Jak mówi rafał - sprawdź wydech. Dodatkowo doloty powietrza czy szczelne, może wąż pękł lub register i śmierdzi.
Pershing - |25 Sty 2005|, 2005 15:58

Skoro smierdzi nawet jak samochod stoi (ma wylaczony silnik) to wydech raczej odpada :P
Struna - |25 Sty 2005|, 2005 16:02

no jeśli jak na wyłączonym silniku wali to oczywista sprawa - ale chyba nie pisał że na wyłączonym aucie - albo ja źle zrozumiałem. Jeśli na wyłączonym śmierdzi to pewnie jak mówi Pershing - cewka nie domyka. Miałem tak kiedyś w Renault 18 - do tego stopnia spieprzało, że w zimie po pracy miałem jeża na reduktorze z sopelków :D
Pershing - |25 Sty 2005|, 2005 16:05

Napisal ze podczas postoju wiec rozumiem ze przy wylaczonym silniku :)
lancer - |25 Sty 2005|, 2005 17:23

sprostowanie

auto na postoju silnik na chodzie wszelkie wycieki z urządzeń gazowych odpadają na przeględzie by się czepili i to by zauważyli detektor oraz jakiś płyn nic nie wykazał ale wszyscy mechanicy stwierdzili że śmierdzi myślałem że znajdą przyczyne a onie przegląd podbili i powiedzieli żebym szybko wyjechał bo bedą hale wietrzyć :D Tak więc dalej jeżdze sobie ze smrodkiem w kabinie. jedyne dziwne że na gazie świece są czarne czyli jest coś z zapłonem. ale wszystko jest ok przyśpieszenie i spalanie nie wzrosło

zbyszek - |25 Sty 2005|, 2005 19:44

Ale na regulacji jeszcze nie byles? Mialem dokladnie to samo czuc bylo gaz na postoju (wolne obroty) i podczas przelaczania na gaz. Moze dojsc do tego jeszcze nieszczelny wydech, (u mnie bardzo prawdopodobny :( ) i masz zapach gazu w samochodzie. Po regulacji zapach gazu znikl :roll:
Rafał A.(antek) - |25 Sty 2005|, 2005 20:34

a jakie bys chciał swiece ?
ja dalej stawiam na wydech, albo nieszczelne dolot, albo capi z filtra. nos i wąchać.

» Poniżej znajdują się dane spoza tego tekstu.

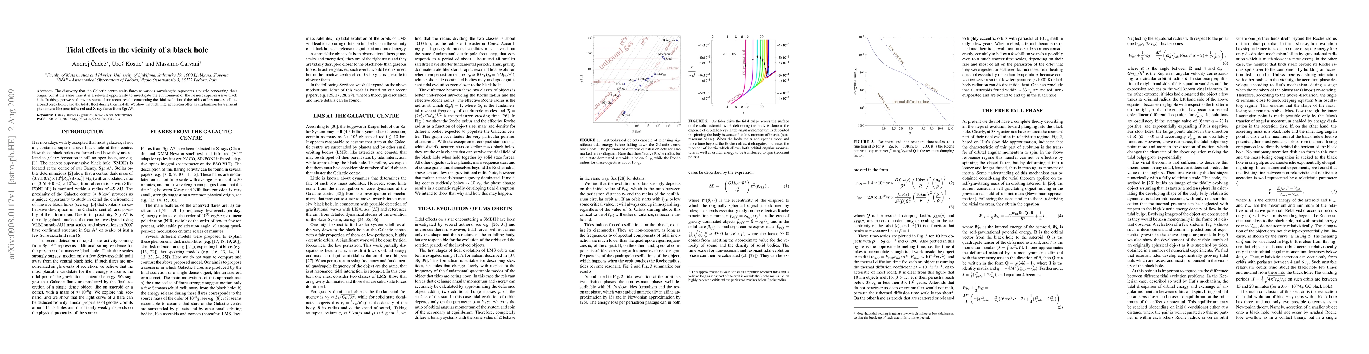 The discovery that the Galactic centre emits flares at various wavelengths represents a puzzle concerning their origin, but at the same time it is a relevant opportunity to investigate the environment of the nearest super-massive black hole. In this paper we shall review some of our recent results concerning the tidal evolution of the orbits of low mass satellites around black holes, and the tidal effect during their in-fall. We show that tidal interaction can offer an explanation for transient phenomena like near infra-red and X-ray flares from Sgr A*.
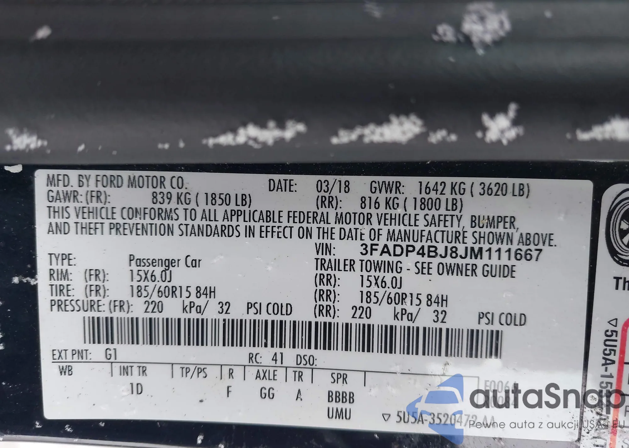 Samochód Ford Fiesta 2018 (VIN 3FADP4BJ8JM111667) nie był wcześniej licytowany. Dokumenty są czyste, przebieg odpowiada lub jest niższy niż średnia rynku. Sprzedaje go firma ubezpieczeniowa – polecamy zakup. Dostawa do portu zajmie ok. 6–8 tygodni.
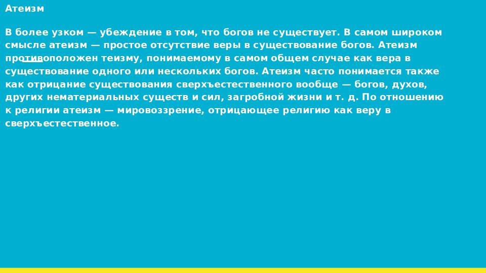 Атеизм В более узком — убеждение в том, что богов не существует. В самом широком смысле атеизм — простое отсутствие веры в существование богов. Атеизм противоположен теизму, понимаемому в самом общем случае как вера в существование одного или нескольких богов. Атеизм часто понимается также как отрицание существования сверхъестественного вообще — богов, духов, других нематериальных существ и сил, загробной жизни и т. д. По отношению к религии атеизм — мировоззрение, отрицающее религию как веру в сверхъестественное.
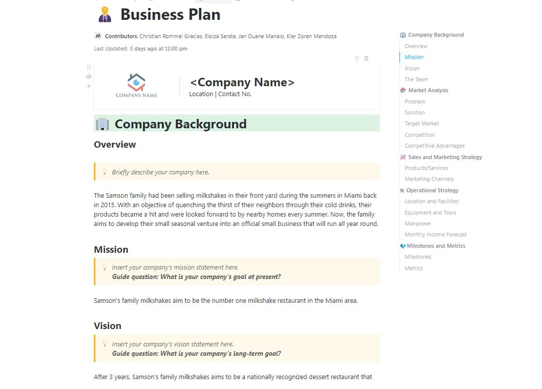 You can use the five pre-designed sections—Company Background, Market Analysis, Sales and Marketing Strategy, Operational Strategy, and Milestones and Metrics—to provide comprehensive information about your business.
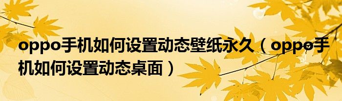 大家好,小育來為大家講解下。oppo手機(jī)如何設(shè)置動(dòng)態(tài)壁紙永久,oppo手機(jī)如何設(shè)置動(dòng)態(tài)桌面很多人還不知道,現(xiàn)在讓我們一起來看看吧!
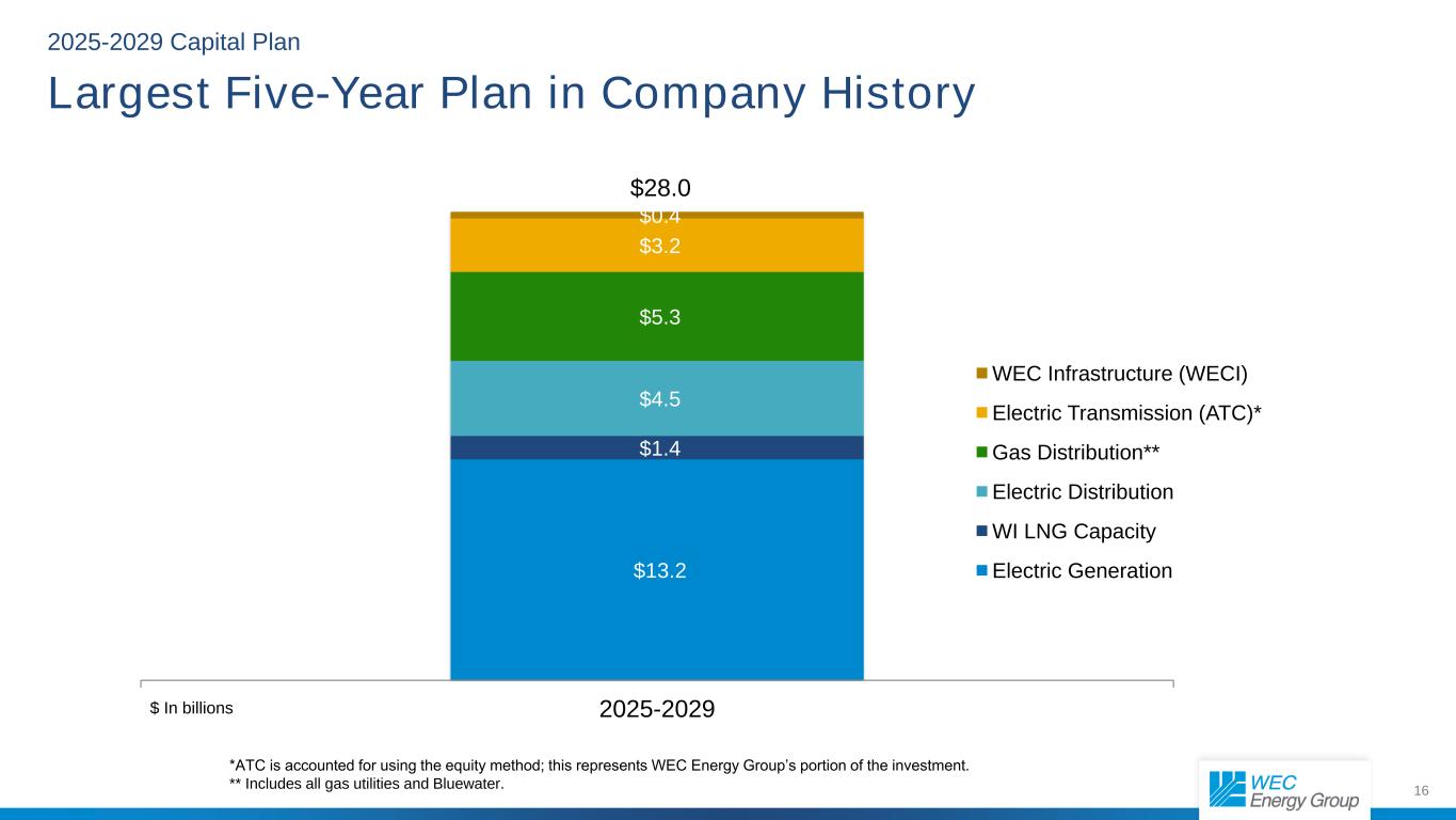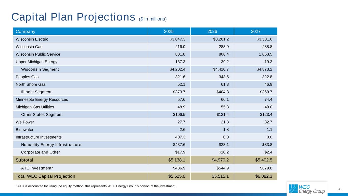 38公司202520262027 Wisconsin Electric $ 3,047.3 $ 3,281.2 $ 3,501.6 Wisconsin Gas 216.02 83.92 88.8 Wisconsin Public Service 801.8806.41,063.5 Upper Michigan Energy 137.339.2 19.3 Wisconsin Segment $ 4,202.4 $ 4,410.7 $ 4,873.2 Peoples Gas 321.63 43.53 22.8 North Shore Gas 52.16 1.346.9 Illinois Segment $ 373.7 $ 404.8 $ 369.7 Minnesota Energy Resources 57.666.17 4.4 Michigan Gas Utilities 48.9 55.3 49.0 Other States Segment $ 106.5 $ 121.4 $ 123.4 We Power 27.72 1.33 2.7 Blu及其他$ 17.9 $ 10.2 $ 2.4小计$ 5,138.1 $ 4,970.2 $ 5,402.5 ATC投资*486.9美元544.9美元679.8美元WEC资本预测总额5,625.0美元5,515.1美元6,082.3美元资本计划预测(百万美元)*ATC采用权益法核算;这代表WEC能源集团的投资部分。

lancer - |25 Sty 2005|, 2005 20:44

zawsze świeczki miałem w kolorze rdzawym a nawet nie mal biełe w poniedziałek jade do gazowników niech sprawdzają a ja nadal nie chcę że to wydech kiedyś za nim zrobiłem z wydechem pożądek nie miałem wogule uszczelki przy kolektorze wywiało ją do tego stopnia że lakier w komorze silnika wypalił się. druga uszczelka była a znaczy się jej nie było przy połączeniu z rurą która zastępowała katalizator kolejny brak szczelności był za katalizatorem jest tam stożek nie ma uszczelki i ten stożek był tak wypalony że nie zgrywa się z rurą puszki drugiego tłumika ostatni tłumik był przepalony. Nieszczelności były takie że z ostatniego tłumika nie wydostawały się spaliny bo poszły na skróty a wtedy wogule nie śmierdziało gazem nic kompletnie dopiero niedawno poskładałem wydech do kupy tak żeby nie pierdział i żeby spaliny wydostawały się na zewnątrz przez końcowy tłumok
klinu - |26 Sty 2005|, 2005 20:54

Mam identyczne objawy, gaz założyłem może ze 3 miesiące temu a od miesiąca mam zapach "kapuchy" w samochodzie. Pojechałem do gazownika renomy w łodzi "NAGAZ" to mi powiedział że on w takim przypadku wiesza choinkę zapachową, a ja zaraz się wróciłem i mówię że dla mnie to na bank gaz to przyszedł z tym testerem który oczywiście przykładaliśmy do wyjścia dmuchawy skąd mi śmierdzi w aucie i nic nie wykazało. Kiedyś czytałem że z klimy może byc paskudny zapach więc może stąd ten zapach ale jak dla mnie to zapach gazu a zapach ten znam dokładnie bo w poprzednim aucie się nawąchałem ;)
Struna - |26 Sty 2005|, 2005 22:04

Hmm - to może zmień stację z gazem - może jakiś majony i śmierdzi okrutnie.
lancer - |26 Sty 2005|, 2005 22:05

no klime mam ale gaz też tyle że od 3 lat i dopiero teraz jedzie gazem
klinu - |27 Sty 2005|, 2005 00:35

Struna napisał/a:
Hmm - to może zmień stację z gazem - może jakiś majony i śmierdzi okrutnie.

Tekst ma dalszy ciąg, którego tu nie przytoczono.